Il est nécessaire de dépasser la dichotomie entre réforme et révolution –
mais au nom du radicalisme, parce que le réformisme n’est en aucun cas
« réaliste ». On porte souvent trop d’attention à la forme de la contestation
(violence/non-violence, etc.) au lieu de s’intéresser à son contenu.
L’abolition de l’argent et de la valeur, de la marchandise et du travail, de
l’État et du marché doit avoir lieu tout de suite – ni comme programme
« maximaliste » ni comme utopie, mais comme la seule forme de
« réalisme ». Il ne suffit pas de se libérer de la « classe des capitalistes », il
faut se libérer du rapport social capitaliste – un rapport qui implique tout le
monde, quels que soient les rôles sociaux. Il est donc difficile de tracer
clairement une ligne entre « eux et nous », voire de dire « nous sommes les
99 % », comme l’ont beaucoup fait les « mouvements des places ».

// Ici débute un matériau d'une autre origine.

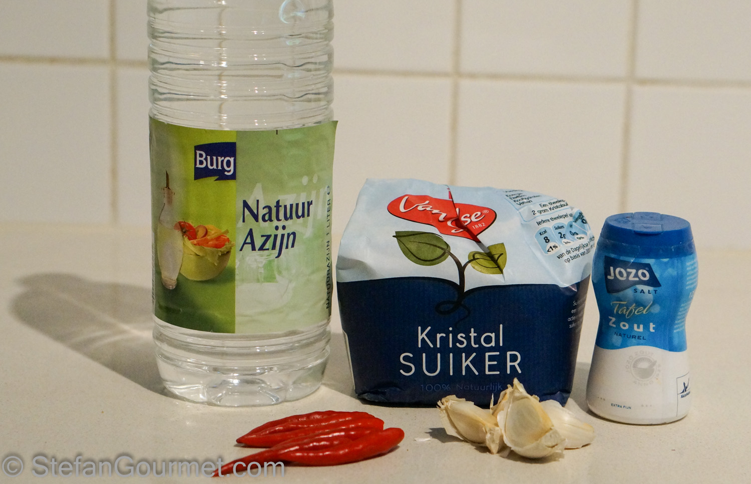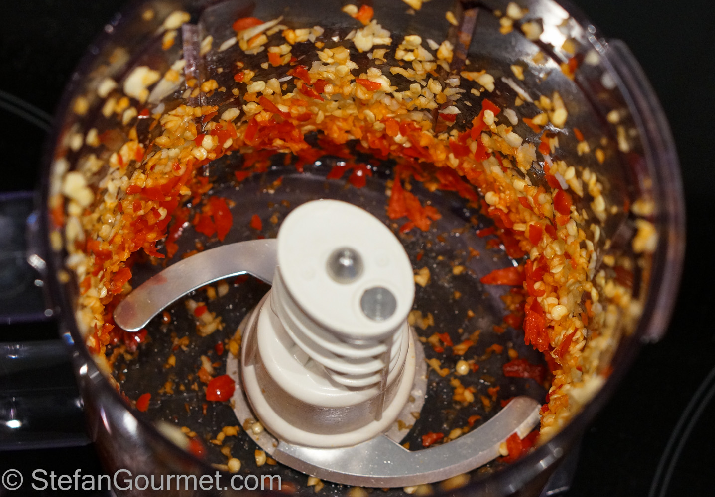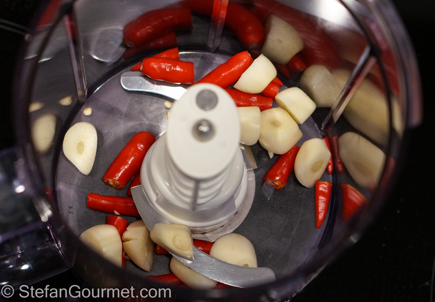 To make the sweet chilli sauce, roughly chop the chile peppers and the garlic and put in the food processor.
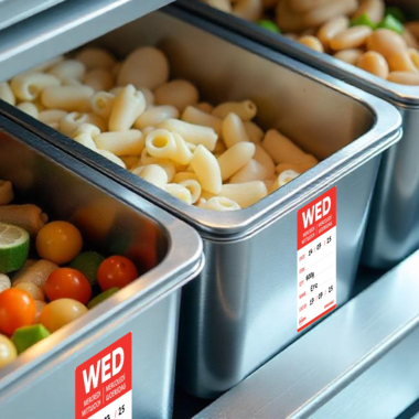 Unverzichtbar in der Lebensmittel- und Gastronomiebranche, wenn es um Hygiene, Qualitätssicherung, Lagerhaltung und Lebensmittelsicherheit geht: eine effiziente und klare Beschriftung mit Tages-Etiketten. Ob Gastronomiebetrieb, Hotel, Bäckerei, Großküche & Kantine, Direktvermarkter auf Wochenmärkten oder Lebensmittelindustrie, die Tages-Etiketten mit Wochentag erleichtern Ihnen und Ihren Mitarbeitern die Nachverfolgung von Herstellungs-, Verbrauchs- oder Verfalldaten sowie von Produktdaten von Lebensmitteln. Dank eines Farbcodes pro Tag erkennen die Teams auf einen Blick, welche Produkte vorrangig verwendet werden müssen. Dies trägt dazu bei, Lebensmittelabfälle zu reduzieren und eine optimale Rotation der Lebensmittel zu gewährleisten. Die Verwendung von Tages-Etiketten bedeutet eine tägliche Zeitersparnis bei gleichzeitiger Gewährleistung einer einwandfreien Servicequalität im Rahmen des HACCP-Standards, die Etiketten lassen sich perfekt in die Arbeitsabläufe Ihrer Küche oder Produktion integrieren. Die Papier-Etiketten sind einfach und schnell mit jedem beliebigen Stift beschreibbar, es stehen mehrere Textfelder zur Verfügung: Date/Datum, Item/Produkt, QTY/Menge, Name, Use by/Verwendung bis. Die Etiketten haften zuverlässig auf den verschiedensten Oberflächen, nach Verwendung können die Etiketten dank des ablösbaren Spezialklebstoffs ohne Rückstände abgezogen werden - ideal zur hygienischen Reinigung. Die jeweilige Wochentag-Beschriftung wird auf Englisch, Französisch, Deutsch, Italienisch und Niederländisch angegeben. Dank der praktischen, stabilen Spenderbox können die Etiketten auf Rolle schnell und einfach entnommen und sauber aufbewahrt werden. Die Tages-Etiketten aus Papier sind für den indirekten Kontakt mit Lebensmitteln geeignet. Die Lebensmittel-Kennzeichnung ist gesetzlich durch die EU-Verordnung (EG) Nr. 852/2004 und der LMHV (Lebensmittelhygieneverordnung) geregelt: Unternehmen und Betriebe, die mit leicht verderblichen Lebensmitteln umgehen oder Lebensmittel herstellen, müssen ein Hygienekonzept (HACCP) umsetzen und dokumentieren. Unsere Tages-Etiketten für Lebensmittel helfen Ihnen, in Ihrem Betrieb die strengen Hygiene- und Qualitätsstandards einzuhalten - und das effizient, klar ersichtlich und ohne großen Aufwand.

Cependant, ce problème peut se présenter de manière très différente dans les
diverses régions du monde.
Il ne s’agit absolument pas de réaliser quelque forme d’autogestion de
l’aliénation capitaliste. L’abolition de la propriété privée des moyens de
production ne serait pas suffisante. La subordination du contenu de la vie
sociale à sa forme-valeur et à son accumulation pourrait, à la limite, se passer
d’une « classe dominante » et se dérouler dans une forme « démocratique »,
sans pour autant être moins destructrice. La faute n’en incombe ni à la
structure technique en tant que telle ni à une modernité considérée comme
indépassable, mais au « sujet automate » qu’est la valeur.
Il y a différentes manières d’entendre l’« abolition du travail ». Concevoir
son abolition à travers les technologies risque de renforcer la technolâtrie
ambiante. Plutôt que de simplement réduire le temps de travail ou de faire un
« éloge de la paresse », il s’agit de dépasser la distinction même entre le
« travail » et les autres activités. Sur ce point, les cultures non capitalistes
sont riches d’enseignement.
Il n’y a aucun modèle du passé à reproduire tel quel, aucune sagesse
ancestrale qui nous guide, aucune spontanéité du peuple qui nous sauvera
avec certitude. Mais le fait même que toute l’humanité, pendant de très
longues périodes, et encore une bonne partie de l’humanité jusqu’à une date
récente, ait vécu sans les catégories capitalistes démontre au moins qu’elles
n’ont rien de naturel et qu’il est possible de vivre sans elles.